The beneficial effects of the technical scheme are as follows: the T test module of the embodiment of the invention obtains the P value of the primary screening site by carrying out T test on the pretreatment result, namely the primary screening site, takes the P value of the primary screening site as the T test result, and can help to analyze whether the data difference is obvious or not, has more information and has relatively simple steps.
The embodiment of the invention provides a system for acquiring tumor methylation markers based on methylation chip data, and the screening module performs the following operations:
acquiring a preset P-value threshold;
if the P value of the primary screening site is smaller than the P-value threshold, the primary screening site is a tumor methylation marker.
The working principle of the technical scheme is as follows:
the screening module filters the primary screening sites according to the magnitude relation between the preset P-value threshold and the P value of the primary screening sites; when the P value of the primary screening site is smaller than a preset P-value threshold, selecting the primary screening site as a tumor methylation marker;
for example: the P-value threshold was set at 0.001 and a site with a P value less than 0.001 was selected from the primary screening sites as the final tumor methylation marker.

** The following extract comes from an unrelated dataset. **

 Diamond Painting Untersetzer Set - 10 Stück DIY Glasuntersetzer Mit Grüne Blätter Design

The beneficial effects of the technical scheme are as follows: the screening module of the embodiment of the invention compares the P value of the primary screening site with the preset P-value threshold, and selects the primary screening site as the tumor methylation marker if the P value of the primary screening site is smaller than the preset P-value threshold, thereby realizing further detection and screening of the primary screening site and improving the accuracy of acquiring the tumor methylation marker.

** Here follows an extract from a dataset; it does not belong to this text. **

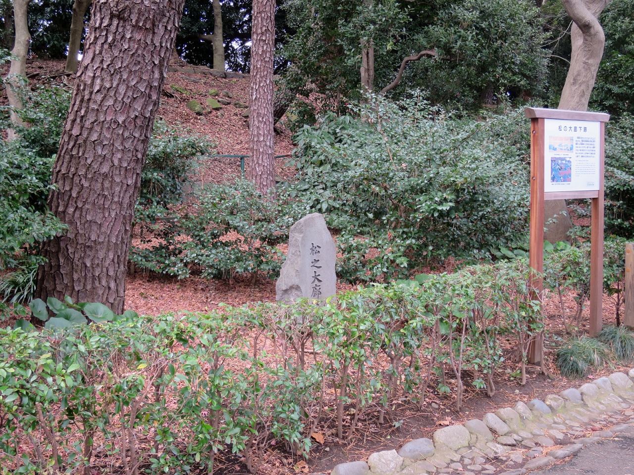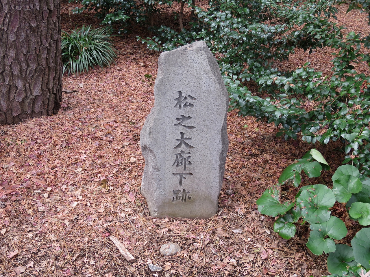 皇居東御苑内には「松之大廊下」を示す碑が建てられています。「松之大廊下」といえば、ちょっと古めの日本人であれば、誰もが赤穂事件を思い出す、そんな場所です。もちろん実際の廊下は50メートルほどもあったということですから、この碑が建てられている場所が何を示しているのかは分かりません。刃傷事件が起こった場所辺りだと想像して見るのが良いでしょうね。

The embodiment of the invention provides a method for acquiring tumor methylation markers based on methylation chip data, which comprises the following steps:
step S1: obtaining a methylation chip Beta numerical matrix of the sample tumor tissue and the sample normal tissue corresponding to the common site of the sample tumor tissue and the sample normal tissue;
step S2: based on the selection of different thresholds, the sensitivity of the common sites in the tumor tissue of the sample and the normal tissue of the sample is obtained, and based on the selected sensitivity thresholds, the sites of the primary screening are selected;
step S3: t test is performed based on the primary screened sites, and the tumor methylation markers are screened out by filtering with a preset P-value threshold.

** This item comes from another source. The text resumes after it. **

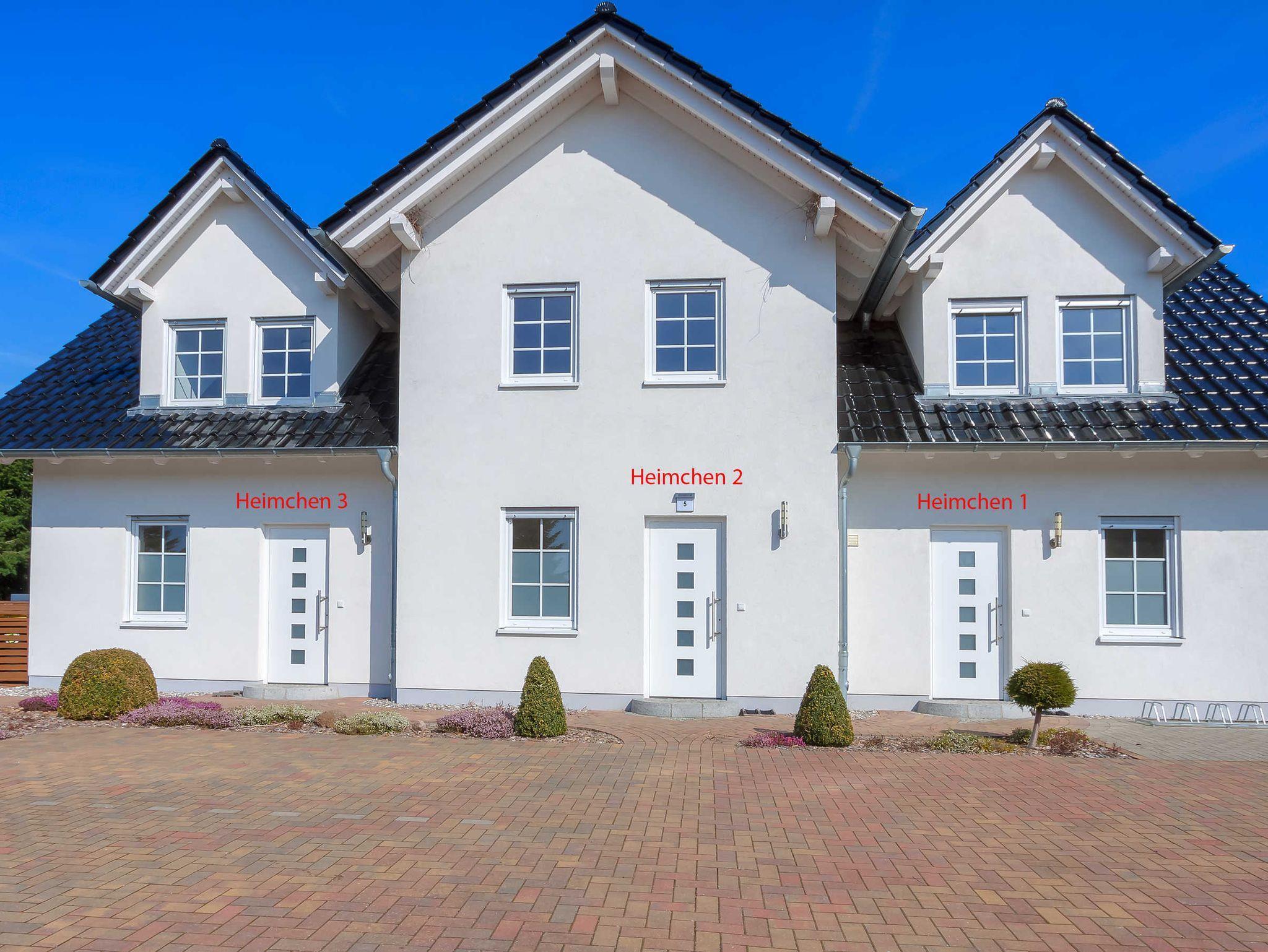 Das Ferienhaus Heimbürger mit seinen drei Ferienhaushälften liegt auf einem abgeschlossenen Grundstück, das von drei Seiten eingezäunt und zur vierten Seite mit einer natürlichen Hecke bewachsen ist. Die drei Parkplätze befinden sich im großen Vorgarten auf dem fast komplett eingezäunten Grundstück.

The working principle of the technical scheme is as follows:
based on a methylation chip beta numerical matrix of the sample tumor tissue and the sample normal tissue corresponding to the common locus of the sample tumor tissue and the sample normal tissue, methylation locus sensitivity under different thresholds is obtained, and based on the selected sensitivity threshold, a primary screening locus is selected; and then, based on the primary screening sites, T-test is carried out, and the pre-set P-value threshold is utilized for filtering to obtain the filtered methylation sites, so that the screening of tumor methylation markers is realized.
The beneficial effects of the technical scheme are as follows:
the invention screens reliable and effective tumor methylation markers based on DNA methylation chip data, acquires the sensitivity of methylation sites by using different thresholds, and performs T test on the basis, thereby improving the reliability and effectiveness of screening tumor methylation markers.
The embodiment of the invention provides a method for acquiring tumor methylation markers based on methylation chip data, which comprises the following steps of: the method for obtaining the methylation chip Beta numerical matrix of the sample tumor tissue and the sample normal tissue corresponding to the common site of the sample tumor tissue and the sample normal tissue comprises the following steps:
step S11: obtaining a common site of a sample tumor tissue and a sample normal tissue;
first, in the DNA methylation chip data of paired samples, the methylation chip Beta value = intensity value from the methylation bead type/(intensity value from the methylation bead type + intensity value from the unmethylated bead type + 100), the Beta value ranges from 0 (completely unmethylated) to 1 (completely methylated), and the significance of the specific methylation chip Beta value is:
1. any Beta value equal to or greater than 0.6 is considered fully methylated;
2. any Beta value equal to or less than 0.2 is considered to be completely unmethylated;
3. beta values between 0.2 and 0.6 are considered partially methylated;
specifically, according to the positions of paired tumor samples and normal samples, the positions, in which the number of paired samples existing in both tumor samples and normal samples is within 25% of the total number of paired samples, are obtained.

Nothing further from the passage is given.